Would you transcribe the entries below, beginning at the line with "Los Libertadores is" and ending after the line with "間を無段階で 任意の電圧に設定可能(Port7-9)(電流も可変となります。目安として12V時 375mA", exactly, with no picture and nothing more?

**RECORDS FOR PROCESSING**

-- Opening Marker --

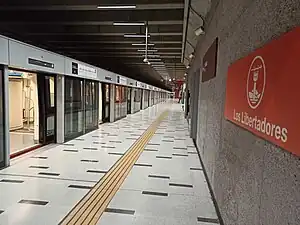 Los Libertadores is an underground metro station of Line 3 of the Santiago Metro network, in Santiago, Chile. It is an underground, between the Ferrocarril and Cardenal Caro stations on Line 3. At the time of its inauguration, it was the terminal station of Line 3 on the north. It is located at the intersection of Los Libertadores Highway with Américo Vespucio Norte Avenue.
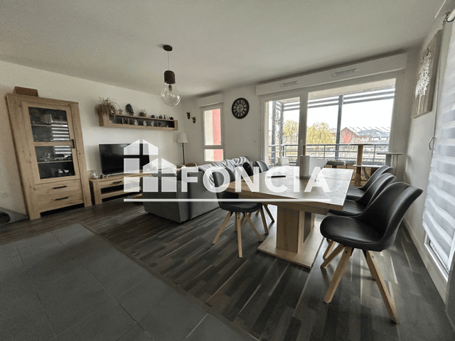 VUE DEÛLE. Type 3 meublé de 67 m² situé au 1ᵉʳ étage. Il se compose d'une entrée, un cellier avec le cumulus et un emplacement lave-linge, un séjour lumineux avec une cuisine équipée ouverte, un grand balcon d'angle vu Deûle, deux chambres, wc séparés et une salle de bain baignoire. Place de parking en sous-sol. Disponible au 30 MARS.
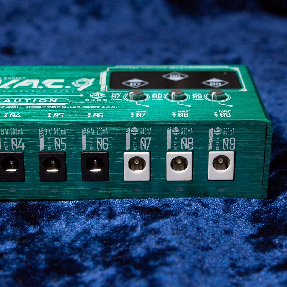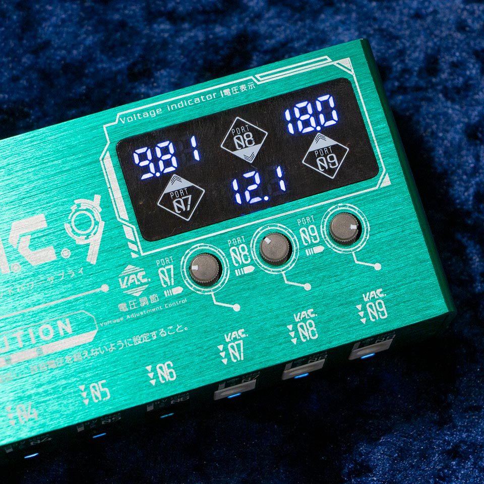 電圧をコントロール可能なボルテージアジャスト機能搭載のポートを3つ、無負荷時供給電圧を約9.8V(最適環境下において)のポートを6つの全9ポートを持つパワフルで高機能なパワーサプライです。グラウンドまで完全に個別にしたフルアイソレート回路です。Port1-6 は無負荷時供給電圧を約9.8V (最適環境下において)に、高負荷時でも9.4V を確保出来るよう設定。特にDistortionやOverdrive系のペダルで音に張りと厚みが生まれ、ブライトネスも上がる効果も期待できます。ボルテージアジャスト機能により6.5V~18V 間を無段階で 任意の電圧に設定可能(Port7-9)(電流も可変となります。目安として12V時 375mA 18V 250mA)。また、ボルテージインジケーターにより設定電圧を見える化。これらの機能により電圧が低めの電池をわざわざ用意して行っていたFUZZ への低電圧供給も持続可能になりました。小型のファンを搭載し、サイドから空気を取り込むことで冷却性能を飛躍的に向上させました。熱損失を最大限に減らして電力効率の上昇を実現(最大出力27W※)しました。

-- Closing Marker --
-- Opening Marker --

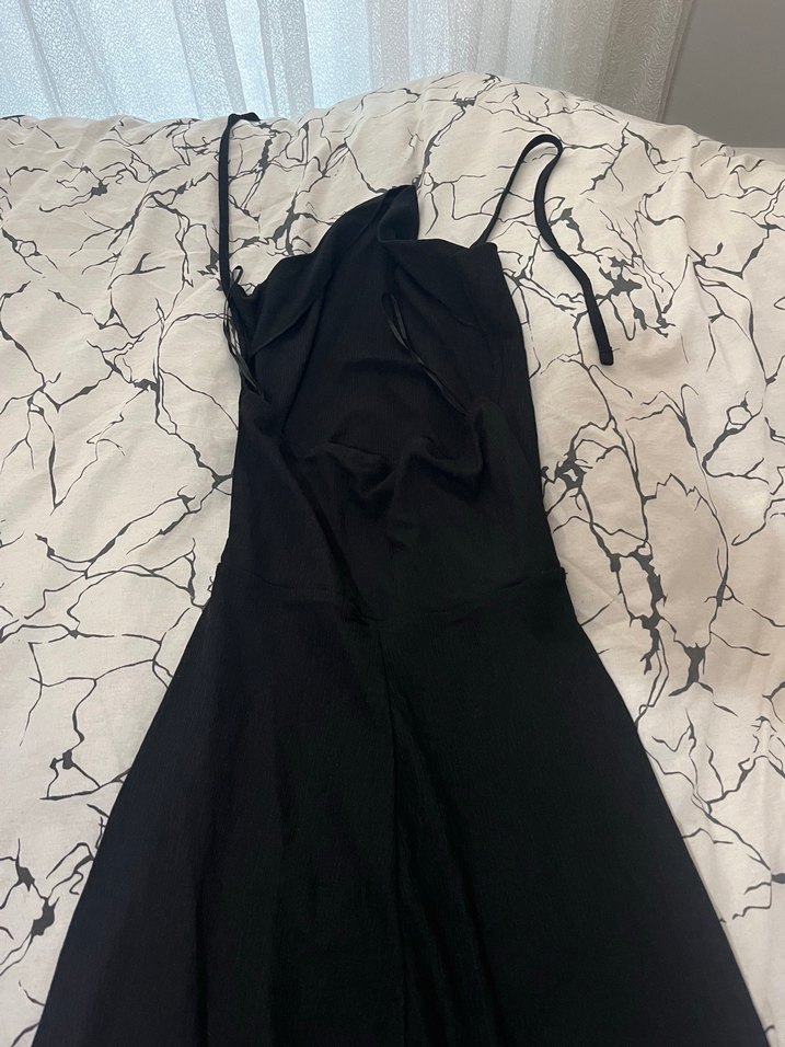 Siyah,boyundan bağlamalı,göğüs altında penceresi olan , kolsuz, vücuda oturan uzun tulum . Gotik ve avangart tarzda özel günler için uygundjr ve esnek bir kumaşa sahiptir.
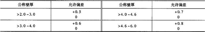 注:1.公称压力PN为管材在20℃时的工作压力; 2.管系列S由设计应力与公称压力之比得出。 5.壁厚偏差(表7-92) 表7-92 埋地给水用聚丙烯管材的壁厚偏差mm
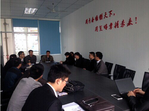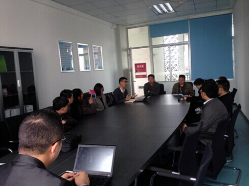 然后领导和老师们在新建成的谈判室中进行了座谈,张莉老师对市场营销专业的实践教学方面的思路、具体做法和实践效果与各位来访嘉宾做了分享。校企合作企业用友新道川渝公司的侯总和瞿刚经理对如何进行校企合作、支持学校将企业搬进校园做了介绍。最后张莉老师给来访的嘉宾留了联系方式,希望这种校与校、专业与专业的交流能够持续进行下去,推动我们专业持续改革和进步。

-- Closing Marker --

**SOLUTION FOR THIS TASK**
 Los Libertadores is an underground metro station of Line 3 of the Santiago Metro network, in Santiago, Chile. It is an underground, between the Ferrocarril and Cardenal Caro stations on Line 3. At the time of its inauguration, it was the terminal station of Line 3 on the north. It is located at the intersection of Los Libertadores Highway with Américo Vespucio Norte Avenue.
 VUE DEÛLE. Type 3 meublé de 67 m² situé au 1ᵉʳ étage. Il se compose d'une entrée, un cellier avec le cumulus et un emplacement lave-linge, un séjour lumineux avec une cuisine équipée ouverte, un grand balcon d'angle vu Deûle, deux chambres, wc séparés et une salle de bain baignoire. Place de parking en sous-sol. Disponible au 30 MARS.
 電圧をコントロール可能なボルテージアジャスト機能搭載のポートを3つ、無負荷時供給電圧を約9.8V(最適環境下において)のポートを6つの全9ポートを持つパワフルで高機能なパワーサプライです。グラウンドまで完全に個別にしたフルアイソレート回路です。Port1-6 は無負荷時供給電圧を約9.8V (最適環境下において)に、高負荷時でも9.4V を確保出来るよう設定。特にDistortionやOverdrive系のペダルで音に張りと厚みが生まれ、ブライトネスも上がる効果も期待できます。ボルテージアジャスト機能により6.5V~18V 間を無段階で 任意の電圧に設定可能(Port7-9)(電流も可変となります。目安として12V時 375mA 18V 250mA)。また、ボルテージインジケーターにより設定電圧を見える化。これらの機能により電圧が低めの電池をわざわざ用意して行っていたFUZZ への低電圧供給も持続可能になりました。小型のファンを搭載し、サイドから空気を取り込むことで冷却性能を飛躍的に向上させました。熱損失を最大限に減らして電力効率の上昇を実現(最大出力27W※)しました。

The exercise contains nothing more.